Вот что: лето – это сон о детстве. Мимолетный калейдоскопический трип, поездка на американских горках, в очередь на которые надо простоять целый год. Возможность забыть про зрелую серьезную свою размеренную чужими людьми за тебя расписанную предсказуемую и уже предсказанную и даже предписанную до самой гробовой доски твою жизнь, и помочить ноги в теплом синем море тридцатилетней давности. Сыграть в игру с другими тоже ищущими амнезии взрослыми, пусть и во взрослую уже игру. Детей в свое прошлое свозить – чтобы подсмотреть детское счастье и крошки от него подобрать, чтобы хоть на один зубок его попробовать снова.
И потому мы боимся сентября, что в лете – как в легком и слишком счастливом сне Обломова о детстве, где и маменька и папенька еще живы и молоды, тенью холодной присутствует знание, что необходимо будет проснуться – и мы стараемся начувствоваться, нагуляться, нажиться вдоволь до сентября, до возвращения в стекляшки офисные или куда там кто, потому что пробуждение неизбежно, пробуждение во взрослую пресную всякого волшебства лишенную жизнь, которой и край уж теперь заметно ближе стал, в несвободу, в скуку, в обязательства, в рутину, в ту роль, из которой до следующего лета уже не вылезти, как бы ни натирала она, и про которую ты уже не помнишь, что это тоже всего лишь роль.

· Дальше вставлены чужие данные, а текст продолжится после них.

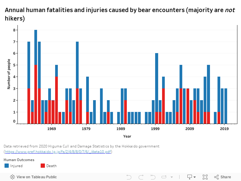 At least 522 people were attacked by bears from 2012 to 2017, with a dozen fatalities, according to Japan’s Ministry of the Environment. Between 2007 and 2017, the ministry said, there have been 880 bear attacks and 24 human fatalities. In 2021 four people were killed in incidents involving bears and 10 were injured — a record number. [Source: AFP, Nathanial Gronewold, E&E News, Politico, July 5, 2018]

Каждый май я напоминаю вот себе про давно прошедшие экзамены, и принюхиваюсь к воздуху – не дунет ли мятой? – и даже тоскую, что меня больше не испытывают, что школа сто лет как кончилась и что вместо нее вовсе банк собираются строить. Пытаюсь вспомнить, как рвался бычий пузырь, и как обрушивалось на меня со всех сторон лето запахами, голосами, гудками, теплыми дождями, обещаниями приключения, как ярко и трехмерно мне было, как подлинно и свежо. И как я мечтал тогда о лете, так я стараюсь о нем мечтать сейчас. Тру-тру, скребу-скребу изнутри бычий пузырь, а детства все равно не разглядеть; это уже не меловая пыль на нем, а сам он помутнел от возраста. И задубел – не прорвать.
И спешу все наступившее лето увидеть испытать побывать совершить, а все равно остаюсь к осени, к пробуждению – неудовлетворенным, недополучившим, недоехавшим до того самого, до настоящего. Вроде бы на самом пороге уже остановившимся – и недоехавшим.
Обманка это ваше лето, злюсь я в подскочившем тут же сентябре. Пустышка. Фальшивка. Не буду больше в него верить. И осенью, зимой – ненавижу лето за то, что оно не справилось, не оправдало, не смогло. И старею еще на полгода. Но к весне забываюсь уже как-то. После стылой и нескончаемой нашей зимы очень уж хочется верить в чудеса.
И однажды в мае, примерно посередине, вдруг слышу в воздухе мятную прохладу.